At the Mandarin Oriental, Boston, a robot does it all. The hotel's resident automaton, MOBI, greets guests, escorts them to their rooms, and even delivers small amenities from a stowage compartment in its belly, providing service with a (digital) smile. During the pandemic, hotels everywhere made technological leaps to adapt to the times, and now things like contactless check-in and QR-code room-service menus are a given. But what about what's next? As the past two and a half years have shown, the ways we live and travel can change rapidly, which is why hotels are hard at work designing the guest experience of the future.
This fall, at its Bethesda, Maryland, headquarters, Marriott will open its state-of-the-art Design Lab, 10,000 square feet of research space that will be used as an R&D playground where partners like LG Electronics, Carrier, and a constellation of start-ups can ideate and optimise hotel-room design. A recent partnership with Ori, an architecture and robotics company, for instance, yielded a guest-room prototype in which the desk pulls out from the wall and the bed ascends to the ceiling, seamlessly transitioning the bedroom into an office. Hyatt, too, plans to transform its guest rooms and common areas into multifunctional spaces. For example, Hyatt Regency is integrating design touches like flexible seating to accommodate its guests' visiting friends, and Caption by Hyatt will offer bookable ‘gathering spaces’ that are more comfortable and engaging than traditional meeting rooms. These new spaces will sub in low-slung couches for clunky conference furniture and natural lighting for fluorescent overheads.

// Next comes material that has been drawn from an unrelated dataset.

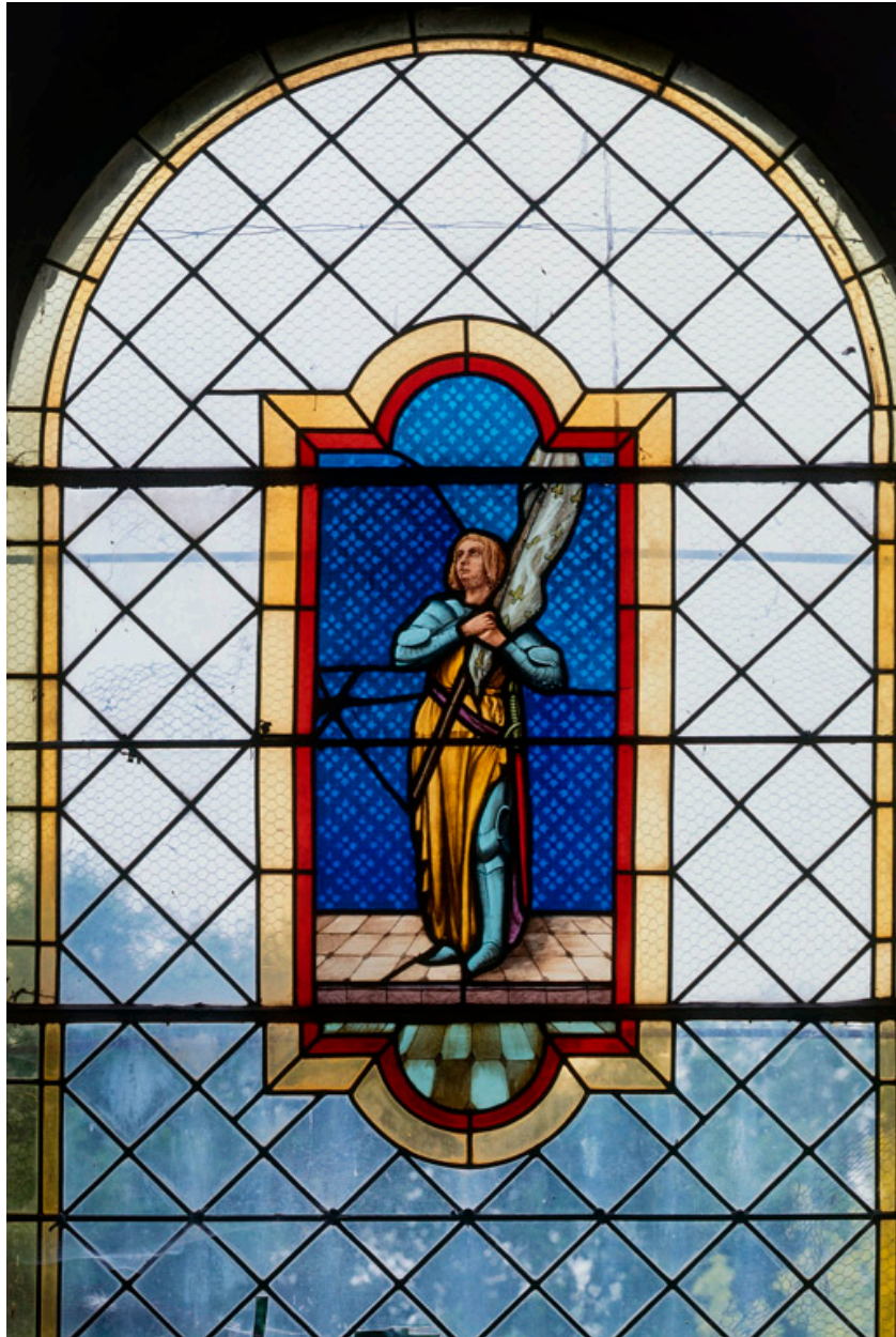
Baie 7 : Jeanne d'Arc.

The brief for this year's Accor Design Awards challenged design students to envision the hotel company's properties as the heart of a 15-minute city built around walking and cycling, in a bid to more fully integrate hotels into the fabric of their communities. One finalist proposed unmanicured green spaces on hotel rooftops so guests could camp and stargaze even in the middle of cities. Damien Perrot, Accor's global senior vice president of design and innovation, predicts a continuing transition from hotels solely focused on hospitality to a hybrid model with hotels offering broader and more diverse services like additional spaces for remote working, concerts, sports, and retail. “Hotels can become not only somewhere to create unforgettable travel experiences,” Perrot notes, “but also destinations where locals can truly enrich their everyday lives.”